6. The machine, according to claim 4, further comprising a second energy source configured to melt any of the plurality of the matrix layers.

7. The machine, according to claim 6, wherein a truck supports the matrix feed and the fiber feed.

8. The machine, according to claim 7, wherein the truck further supports the first energy source, the pressure source, and the second energy source.

9. The machine, according to claim 7, wherein the computer is operatively associated with the truck to control movement of the truck with respect to the surface.

10. The machine, according to claim 7, wherein the matrix layer comprises one or more polymers.

11. A method for fabricating a fiber-reinforced component by additive manufacturing with a three-dimensional printing machine, comprising:

depositing with the three-dimensional printing machine a matrix layer on a surface; and

depositing a fiber layer with the three-dimensional printing machine on a previously deposited matrix layer, the fiber layer comprising a continuous fiber.

12. The method, according to claim 11, further comprising depositing a subsequent matrix layer on the fiber layer.
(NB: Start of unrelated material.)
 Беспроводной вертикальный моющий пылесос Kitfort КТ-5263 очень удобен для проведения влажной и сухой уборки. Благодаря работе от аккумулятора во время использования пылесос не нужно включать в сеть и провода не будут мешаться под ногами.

13. The method, according to claim 12, further comprising embedding the fiber layer into the previously deposited matrix layer.
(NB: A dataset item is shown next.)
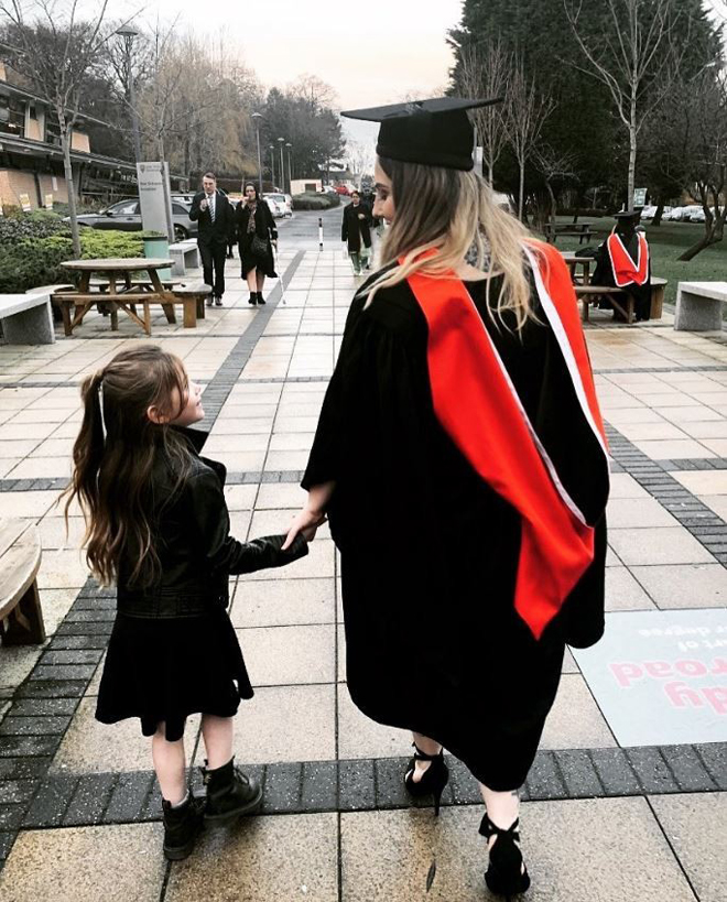 【綜合報導】英國現年21歲的女子坎佩(Rachael Campey),因14歲時意外懷孕而遭到退學,但她卻沒有放棄升學,15歲產下女兒後,她同時兼任多份工作,並透過多間教育機構學習;於近日順利取得大學學位後,她帶著6歲的女兒一同出席畢業典禮,受到全場熱烈掌聲的她,既感動又驕傲。

14. The method, according to claim 13, further comprising fusing the previously deposited matrix layer and the subsequent matrix layer.

15. The method, according to claim 14, wherein the method is automated and controlled by a computer.

16. A fiber-reinforced component fabricated by an additive manufacturing process comprising:

depositing a matrix layer on a surface; and

depositing a fiber layer on a previously deposited matrix layer, the fiber layer comprising a continuous fiber.

17. The component, according to claim 16, further comprising depositing a subsequent matrix layer on the fiber layer.

18. The component, according to claim 17, further comprising embedding the fiber layer into the previously deposited matrix layer.

19. The component, according to claim 18, further comprising fusing the previously deposited matrix layer and the subsequent matrix layer.

20. The component, according to claim 19, wherein the additive manufacturing process is automated and controlled by a computer.